ASSIGNMENT:
Transcribe every line from the one containing "В этой тарелке" to the end of the listing, exactly as written, and leave out the pictures.

DATA SHOWN:
>>>
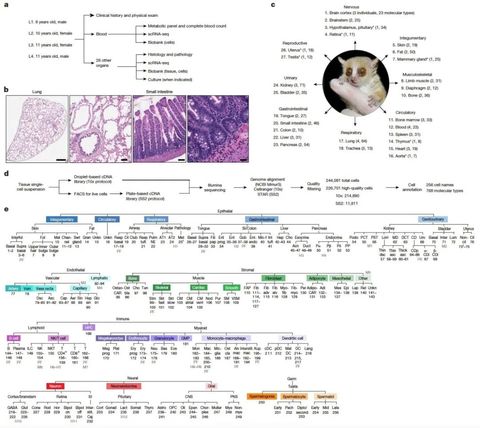 文章利用单细胞测序技术针对新兴的灵长类模式生物小鼠狐猴开展研究,分析了27个组织器官的22.6万个细胞,通过细胞聚类、整合和注释方法,定义及整理出了750种细胞类型及其完整的基因表达谱,构建了小鼠狐猴细胞图谱。通过对表达谱的全面比较研究,深入探索了灵长类细胞类型的进化,揭示了灵长类特化的细胞类型特异性模式,以及许多在研究中鼠狐猴比小鼠更适合作为人类模型的细胞类型和基因。此外,通过研究小鼠狐猴的基因、生理特征、疾病和基因突变情况,发现了数千个此前未被识别的狐猴基因以及数十万个新的剪接位点,绘制了免疫细胞的发育、迁移和激活图谱,系统地探究了狐猴的免疫系统。文章还对灵长类特有的和狐猴特有的生理特征与疾病进行了描述,包括免疫程序的分子特征、狐猴脂肪细胞以及类似于人类恶性肿瘤的转移性子宫内膜癌,展示了400多种在小鼠中缺失的灵长类基因的表达模式,其中许多基因的表达模式与人类相似,还有一些与人类疾病相关。这项工作为鼠狐猴的分子和遗传学分析奠定了基础,并为未来对灵长类基因、亚型、生理特征和疾病的研究确定了优先方向。
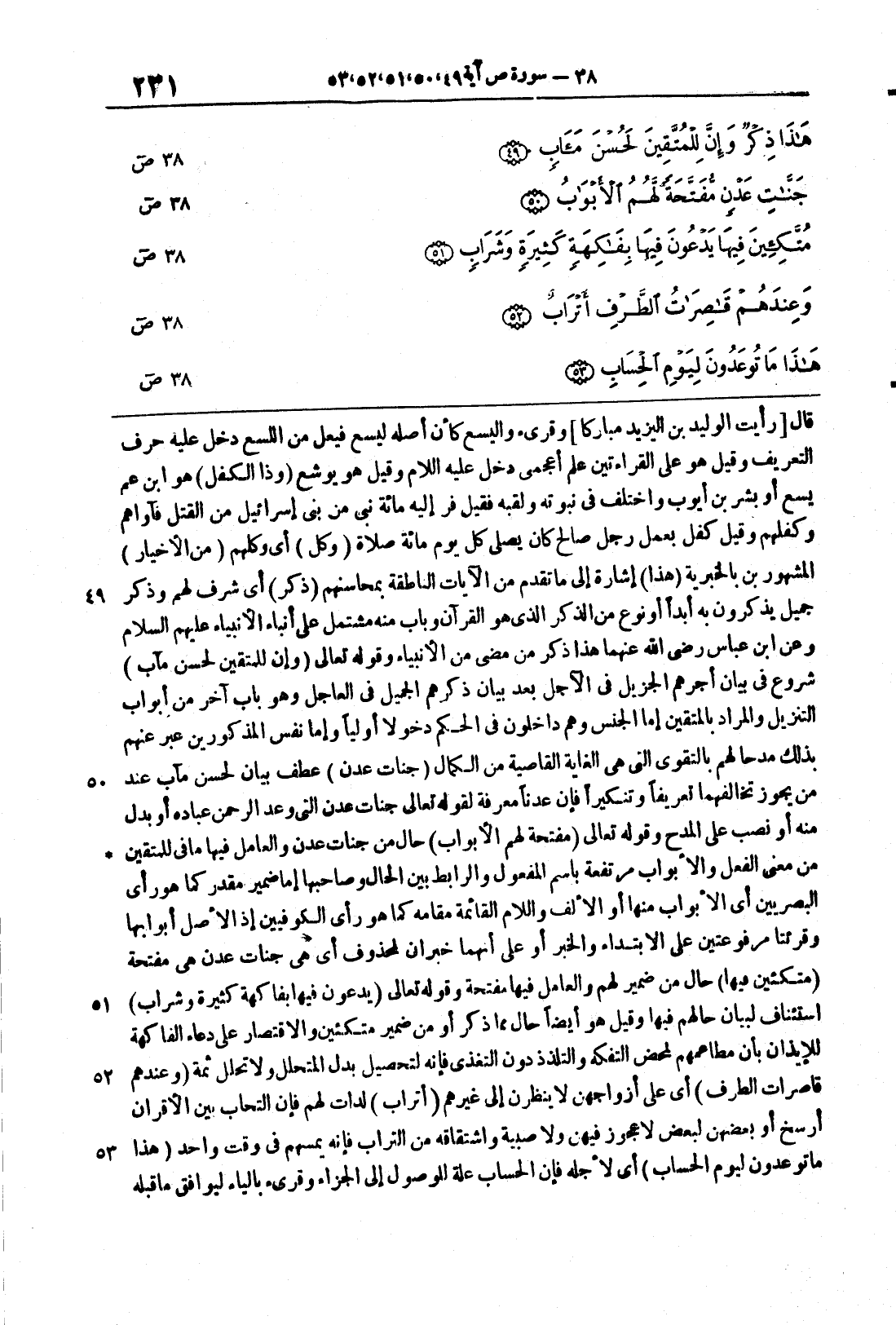 ص 49 53 قال رأيتُ الوليدَ بنَ اليزيد مباركا وقرئ واليسع كأنه أصله لَيْسع فَيْعل من اللَّسعِ دخلَ عليه حرفُ التَّعريفِ وقيل هو على القراءتينِ عَلَم أعجميٌّ دخل عليه اللامُ وقيل هو يُوشع {وَذَا الكفل} هو ابنُ عمِّ يسع أو بشر بن أيوب واختُلف في نبوَّتِه ولقبهِ فقيل فرَّ إليه مائةُ نبيَ من بني إسرائيلَ من القتل فآواهُم وكَفَلهم وقيل كُفل بعملِ رجلٍ صالحٍ كان يُصلِّي كلَّ يومٍ مائةَ صلاة {وَكُلٌّ} أي وكلهم {من الأخيار} المشهور بن بالخبرية
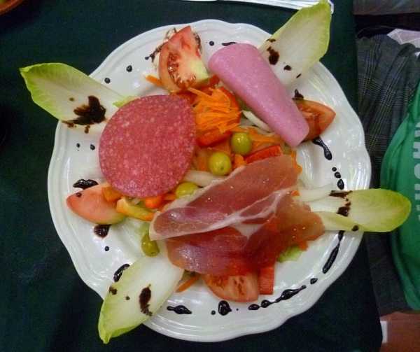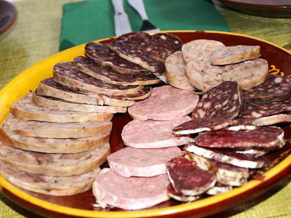 В этой тарелке – мясное ассорти. Куски мяса разных сортов, среди которых даже затесалась колбаса.
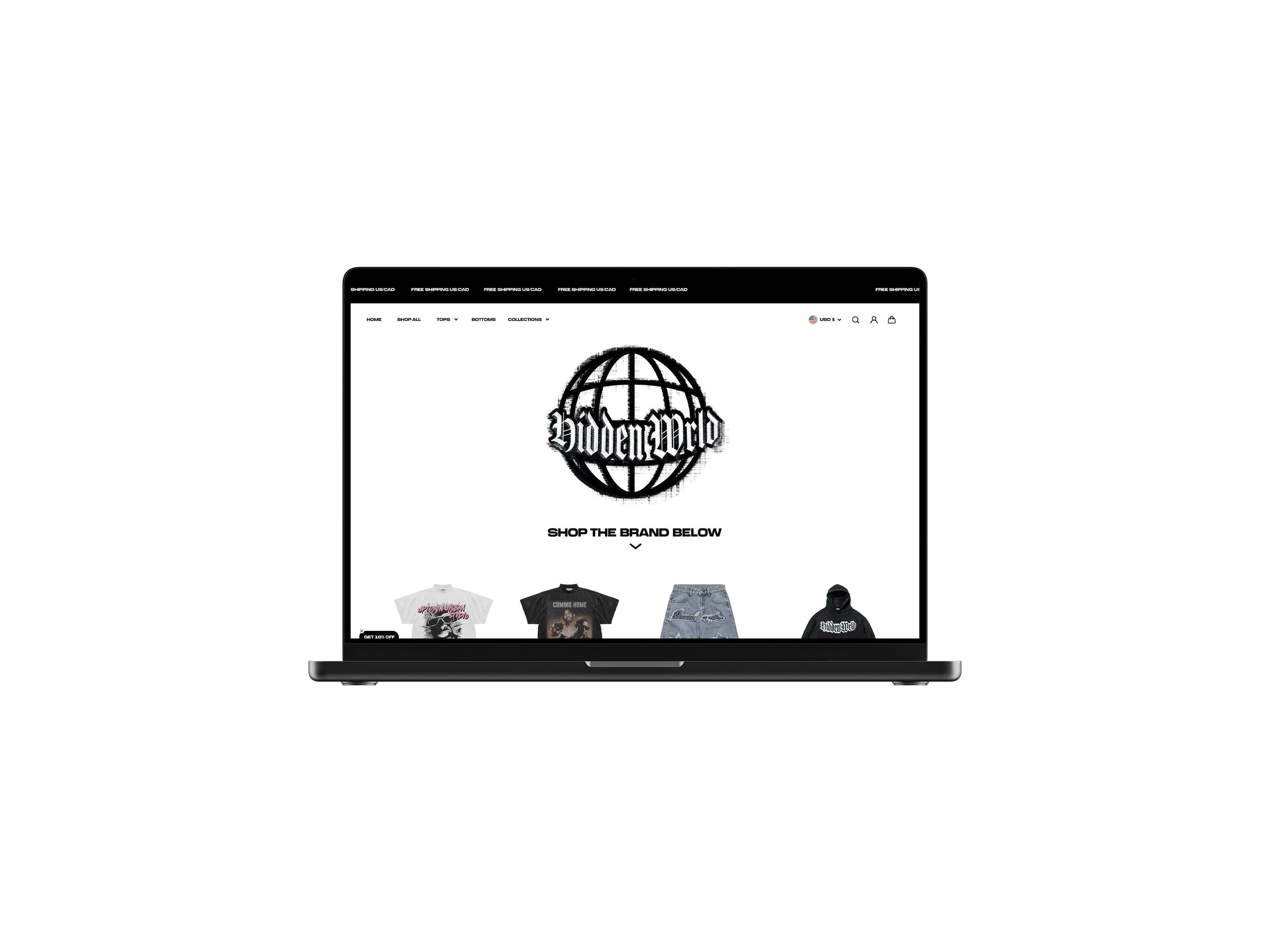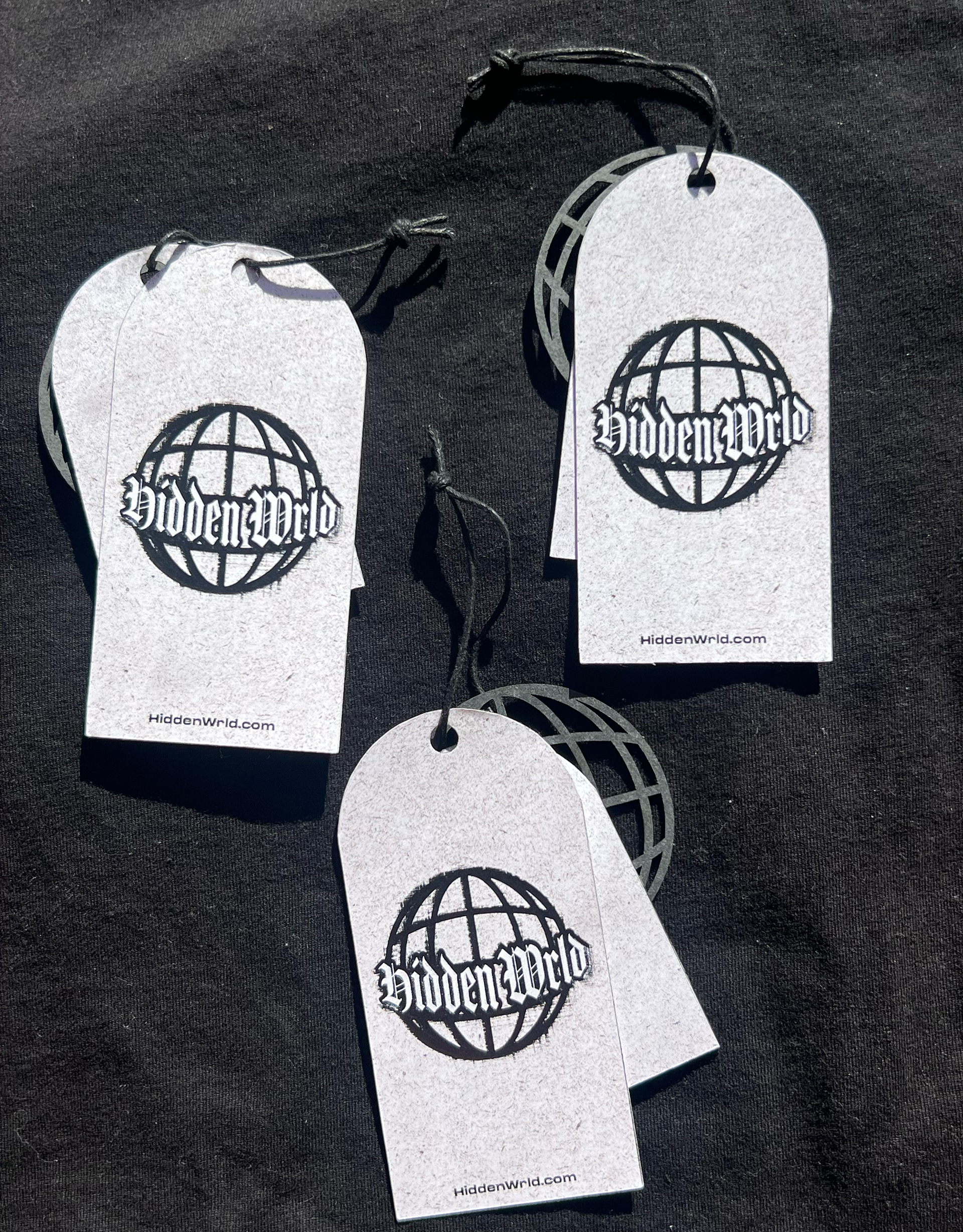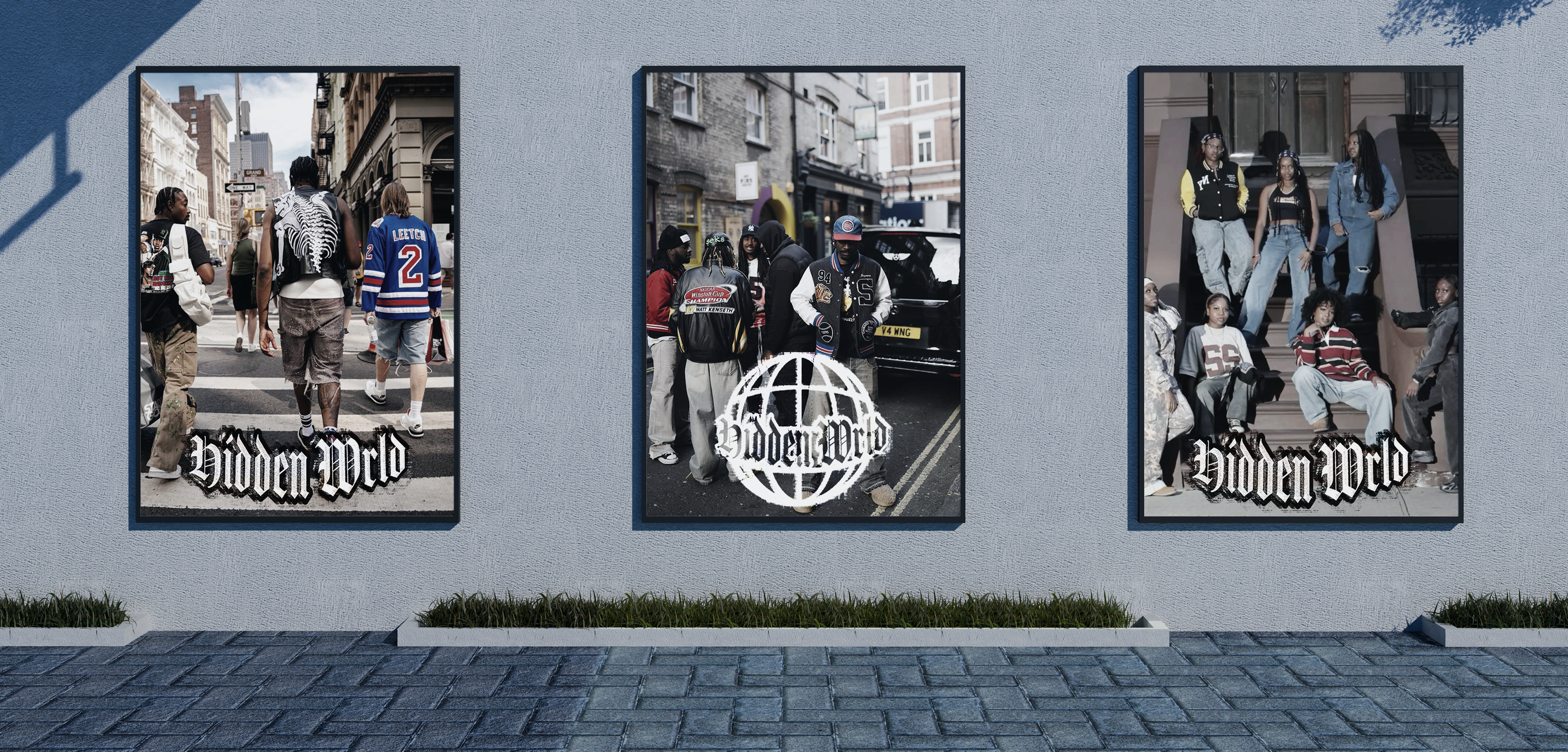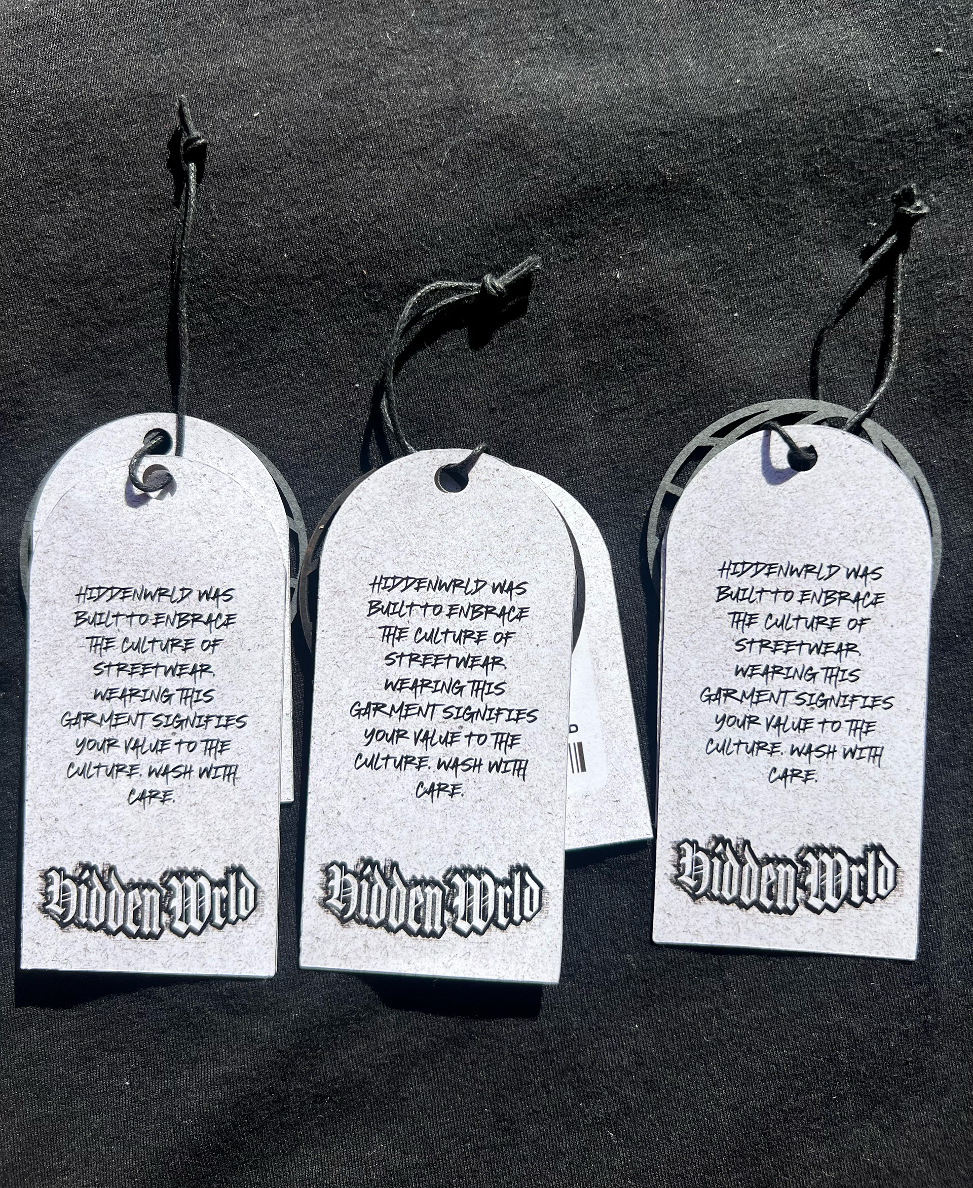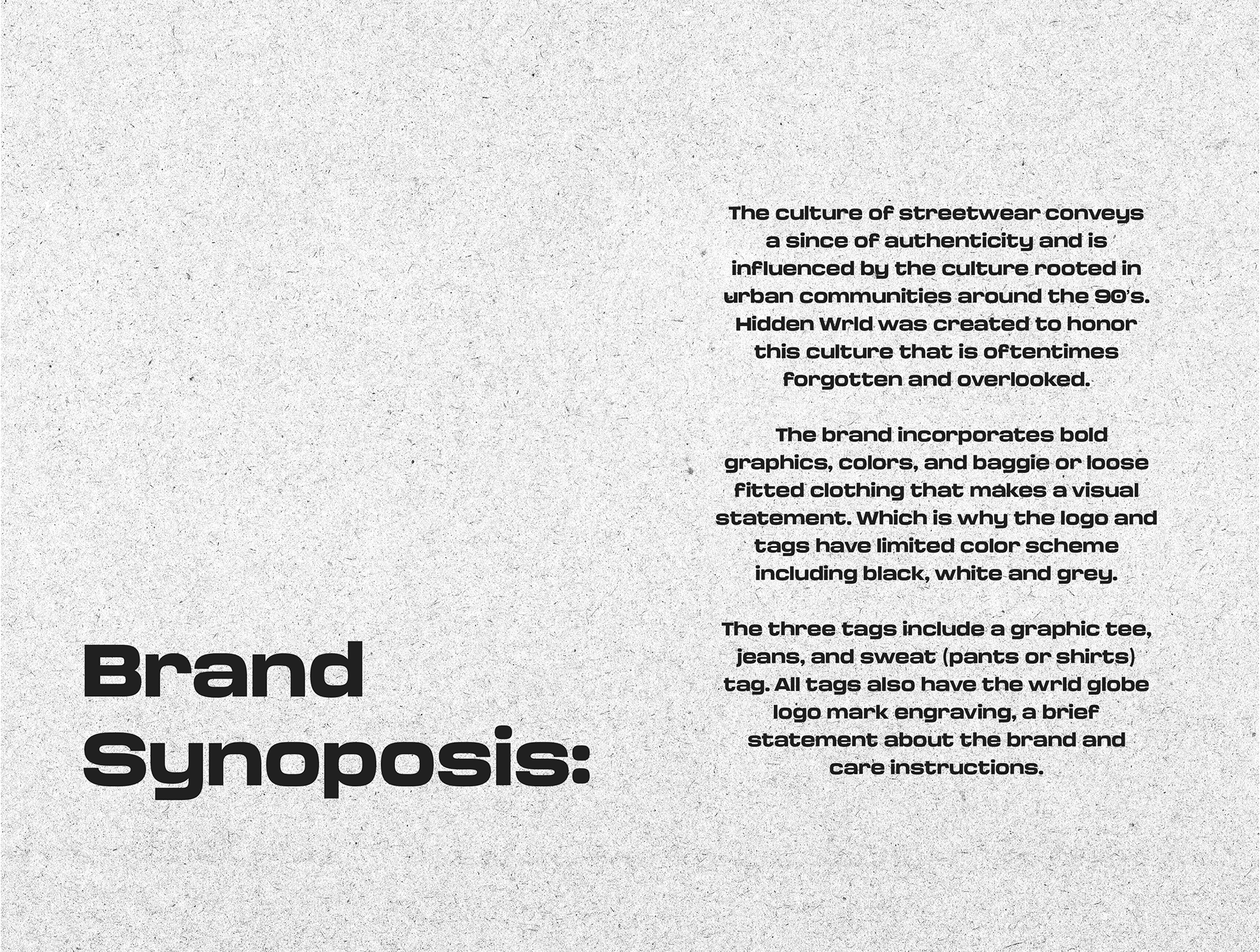 Hidden Wrld is a complete urban streetwear clothing brand full brand identity, including brand name, logo, tags, packaging, marketing , and advertising components.
<<<
RESPONSE AREA:
 В этой тарелке – мясное ассорти. Куски мяса разных сортов, среди которых даже затесалась колбаса.
 Hidden Wrld is a complete urban streetwear clothing brand full brand identity, including brand name, logo, tags, packaging, marketing , and advertising components.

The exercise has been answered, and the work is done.